**** MATERIAL FOR THIS EXERCISE

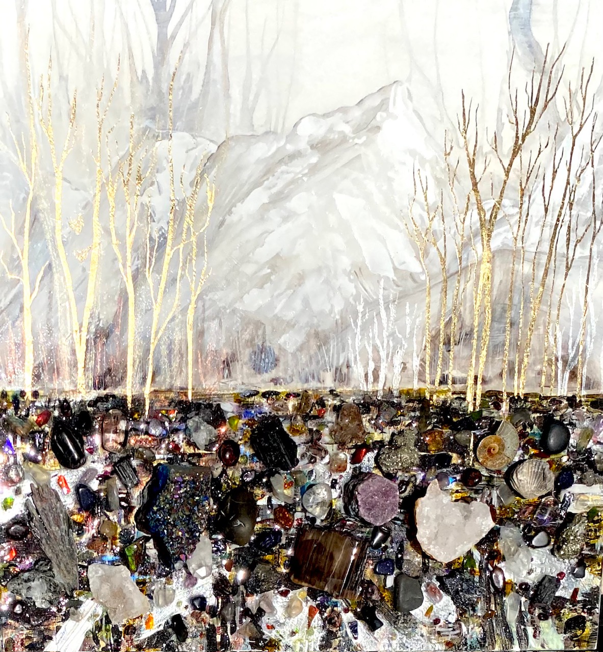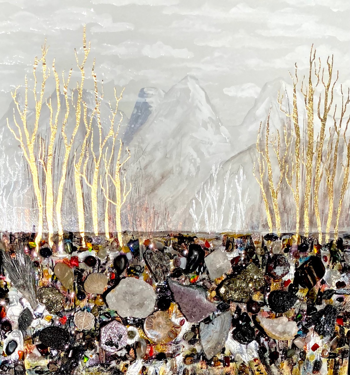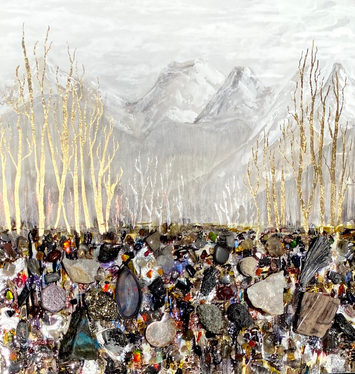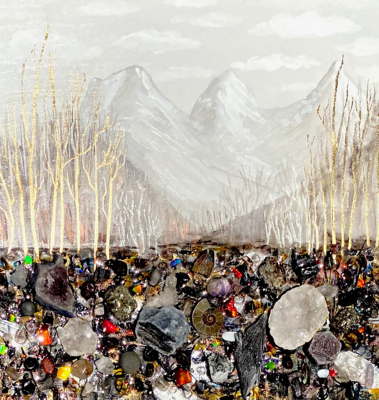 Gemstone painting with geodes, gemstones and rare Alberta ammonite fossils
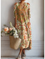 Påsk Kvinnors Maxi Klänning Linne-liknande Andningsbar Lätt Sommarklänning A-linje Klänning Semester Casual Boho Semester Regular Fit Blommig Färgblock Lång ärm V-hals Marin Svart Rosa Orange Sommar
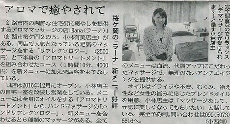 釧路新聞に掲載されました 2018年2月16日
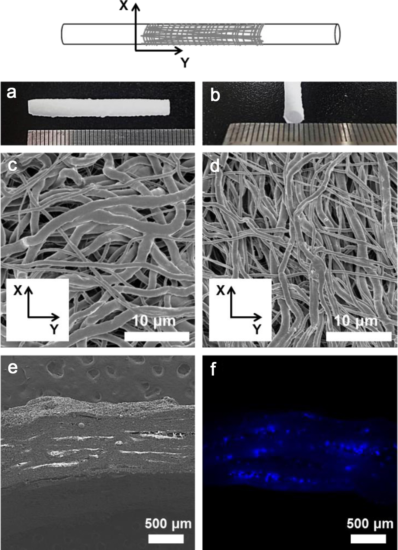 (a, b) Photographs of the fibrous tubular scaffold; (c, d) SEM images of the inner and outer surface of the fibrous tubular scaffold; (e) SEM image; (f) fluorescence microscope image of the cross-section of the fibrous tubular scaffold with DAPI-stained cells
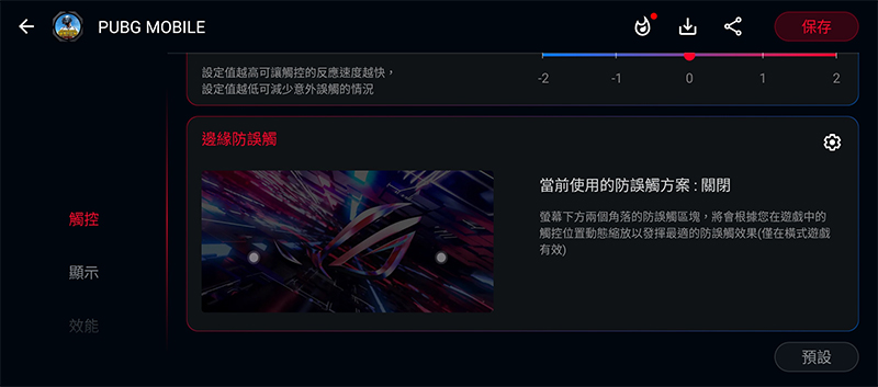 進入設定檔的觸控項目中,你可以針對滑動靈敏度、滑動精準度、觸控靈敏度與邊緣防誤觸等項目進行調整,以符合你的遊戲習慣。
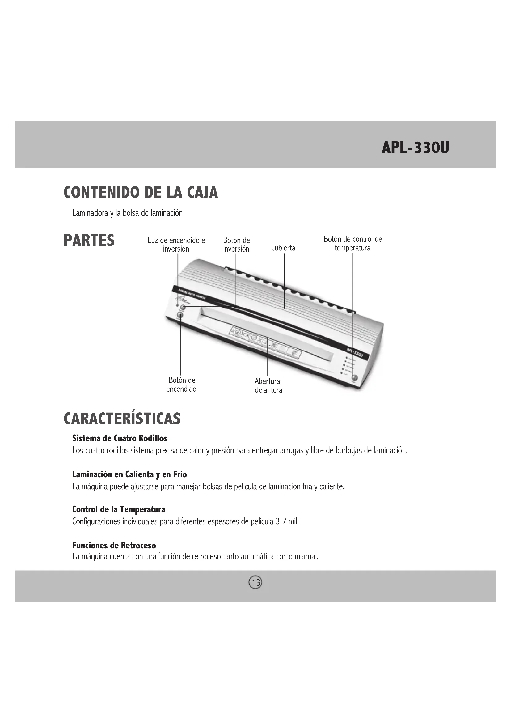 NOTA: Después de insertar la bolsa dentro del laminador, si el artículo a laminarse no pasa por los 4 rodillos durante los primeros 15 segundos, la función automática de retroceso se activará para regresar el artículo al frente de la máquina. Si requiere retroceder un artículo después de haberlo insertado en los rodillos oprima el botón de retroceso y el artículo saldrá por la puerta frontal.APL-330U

********

**PROBLEM DETAILS**
Ending at the line with "進入設定檔的觸控項目中,你可", reproduce exactly the lines that begin at the top of the data, and include no pictures.

**SOLUTION FOR THIS EXERCISE**
 Gemstone painting with geodes, gemstones and rare Alberta ammonite fossils
 Påsk Kvinnors Maxi Klänning Linne-liknande Andningsbar Lätt Sommarklänning A-linje Klänning Semester Casual Boho Semester Regular Fit Blommig Färgblock Lång ärm V-hals Marin Svart Rosa Orange Sommar
 釧路新聞に掲載されました 2018年2月16日
 (a, b) Photographs of the fibrous tubular scaffold; (c, d) SEM images of the inner and outer surface of the fibrous tubular scaffold; (e) SEM image; (f) fluorescence microscope image of the cross-section of the fibrous tubular scaffold with DAPI-stained cells
 進入設定檔的觸控項目中,你可以針對滑動靈敏度、滑動精準度、觸控靈敏度與邊緣防誤觸等項目進行調整,以符合你的遊戲習慣。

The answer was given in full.